To the form of this work, surely no modern reader can raise an objection. Among all living authors today, and that is quite some statement to make, no one else, without a single exception, can hold the reader’s attention as it rambles through Byron and Henry James. This exceptional quality comes from Coetzee’s skills as a craftsman and also that other rare quality which is missing in most writers, the setting down on paper, of thoughts, exactly and with no ambiguousness whatsoever.
It however, is a different tale altogether if we examine this work from a realistic point of view. What is it in South Africa that compels the author to leave for England? Of course everybody knows what happened in South Africa and there are references too, but these references are sprinkled about, like insufficient garnish on a main course. England, then is the place where the young man thinks he can find himself, why England? Because it is, according to the young man, the place where his idols lived and wrote, London! Sorry, Mr. Coetzee, that’s a bit too hard to buy. The real reason is something else, something that even Mr. Coetzee himself would not agree with perhaps, but nevertheless, an interesting postulate. The whole answer to this question and also the reason for the lack of appeal of his work is Mr. Coetzee’s selective realism. Mr. Coetzee is a realist in so far as he is the member of the white middle class in South Africa. For this class his realism is precise and incisive but the events that Mr. Coetzee’s class lived through can not be analyzed by selective white middle class realism. It is almost as if the novel cries out, ‘Look, we made them suffer, but are we too not suffering now?’ The answer of course is yes, but are they suffering the same destitution and acrimony for as long a period as the ones that they made suffer? The answer is, no, no, no and a thousand times no. Mr. Coetzee chooses to ignore the realism of that class which has suffered for ages and such suffering, which nothing can ever compensate for. That is the reason the young man wants to go to England, it is a white man’s city, that’s it. Even in his descriptions of England, Mr. Coetzee leaves out the realism of the lower classes. It is inconceivable that the young man had not come across such realism and even more so in South Africa than in England. The plain truth is this, the young man was fleeing, fleeing away because the dominance that his class once held was no longer there, and while fleeing he is so much ridden with the guilt of what his class has made the indigenous people suffer, that he wishes to close his eyes and find solace in the sufferings that his class now has to go through as a result of the same. All that pain and all that misery is depicted from the point of view of Mr. Coetzee’s class and that is what leaves this work one sided and unfinished.
What is the end result of this novel?
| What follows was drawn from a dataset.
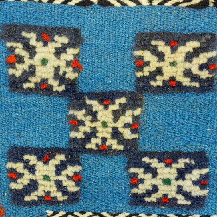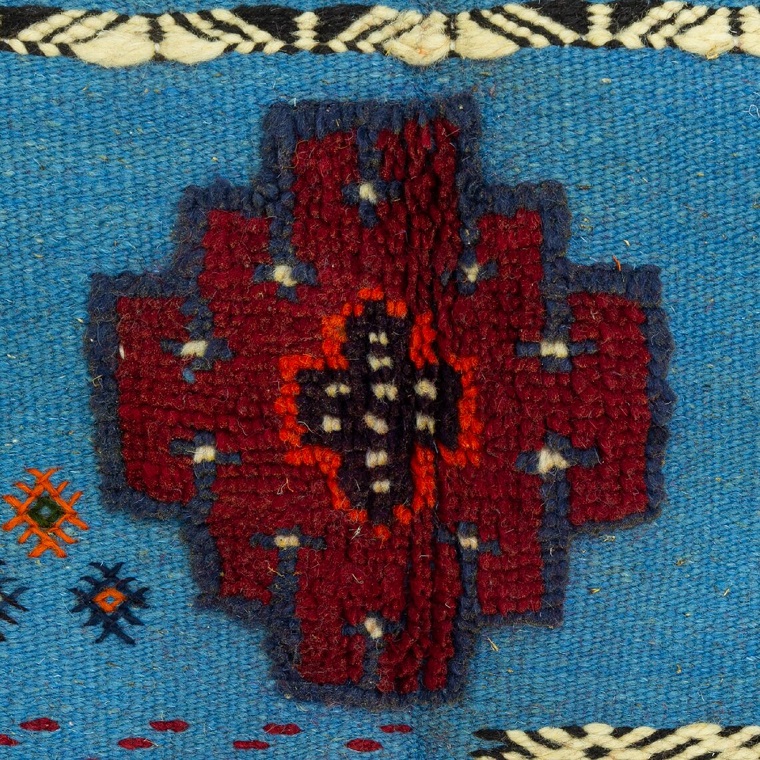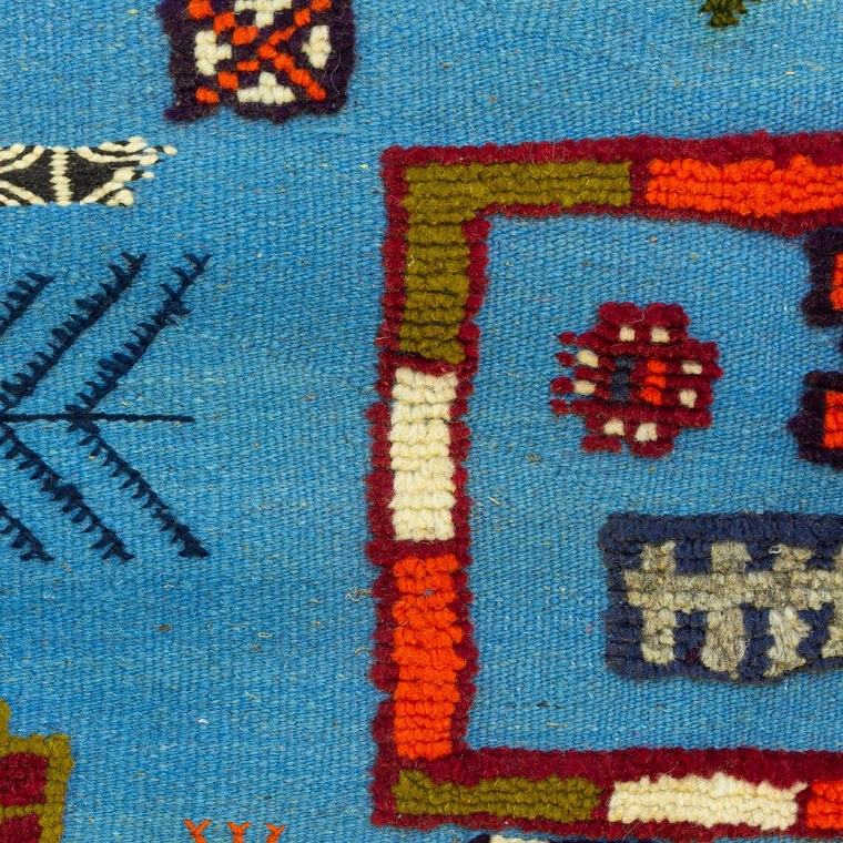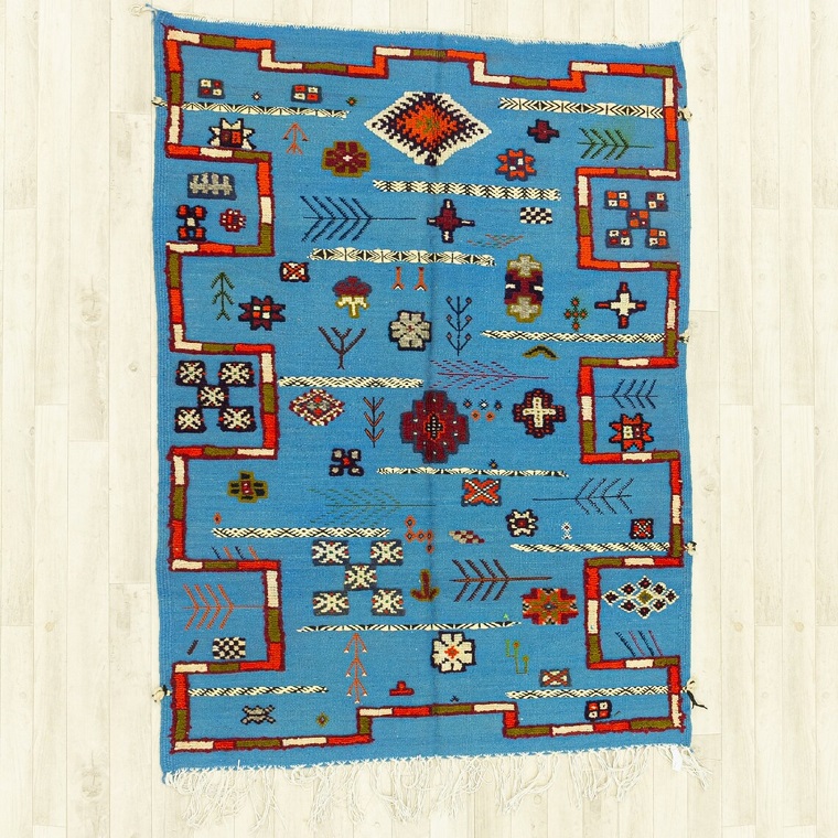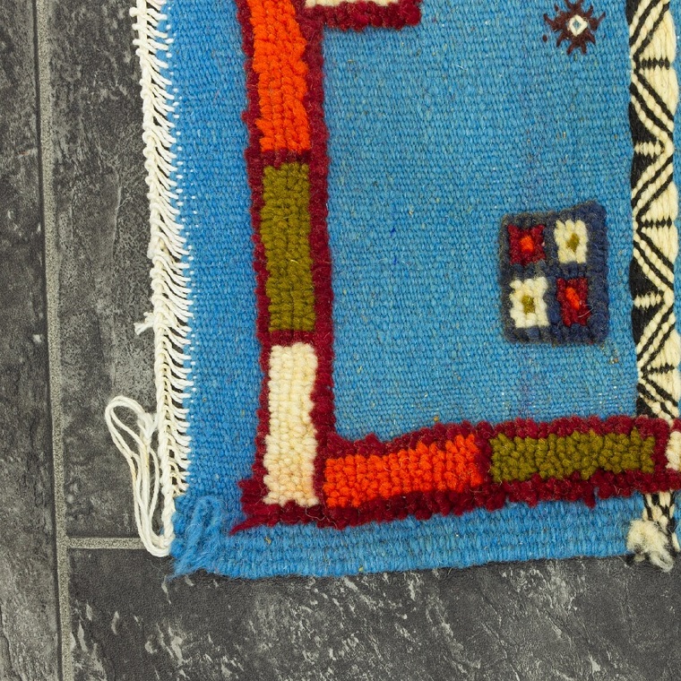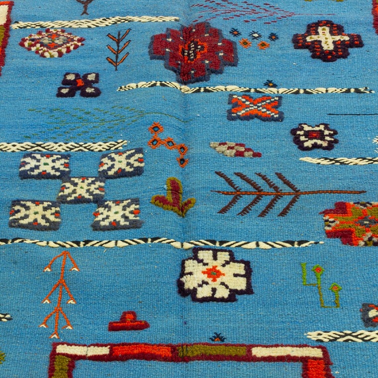 A Vintage Moroccan Kilim (flatweave) made of thread. This rug is pretty old one but in a perfect condition. It was made by local women in Morocco’s High atlas mountains. Exactly in Ait-ougharda tribe. This rug is made of a blue background and multiple little shapes in different colors. Give your space a colorful traditional touch by adding this rug to it.

A stylistically brilliant piece of work, formally terrific, naturally class conscious and realistically desperately one sided and inadequate. A situation of perennial hopelessness, to which the protagonist submits with as meek a resignation as Robespierre before the guillotine and over which one would like to believe, the protagonist had no control, which however is not the truth. It is the fleeing from a situation that the protagonist is not prepared to face, it is the abandonment of participation to render justice to the victims of one’s own class’ atrocities, the benefits of which were doubtless enjoyed by the author himself and therefore in the participation of which he had a moral right to be involved in, that gives this work its anguishing climax.
What a pity this is! For when he chooses to be and in those rare instances where Mr. Coetzee allows himself the permission to assess the situation from the other class’ point of view, he does it admiringly well. Even a work like ‘Disgrace’ can not hide this white man’s lament and seemingly penance like quality without an exposition of the other class’ situation. From any other artist, perhaps this is a bit too much to ask for, but we are talking of Coetzee here. He is a brilliant artist, he really is. One just wishes he is not so much blinded by the position of his own class. Mr. Coetzee must realize that he is writing about a situation that is extremely rare in the annals of human history; such a situation makes great demands from the true artist and certainly from an artist like Mr. Coetzee. He is more than capable enough, is he wiling enough though?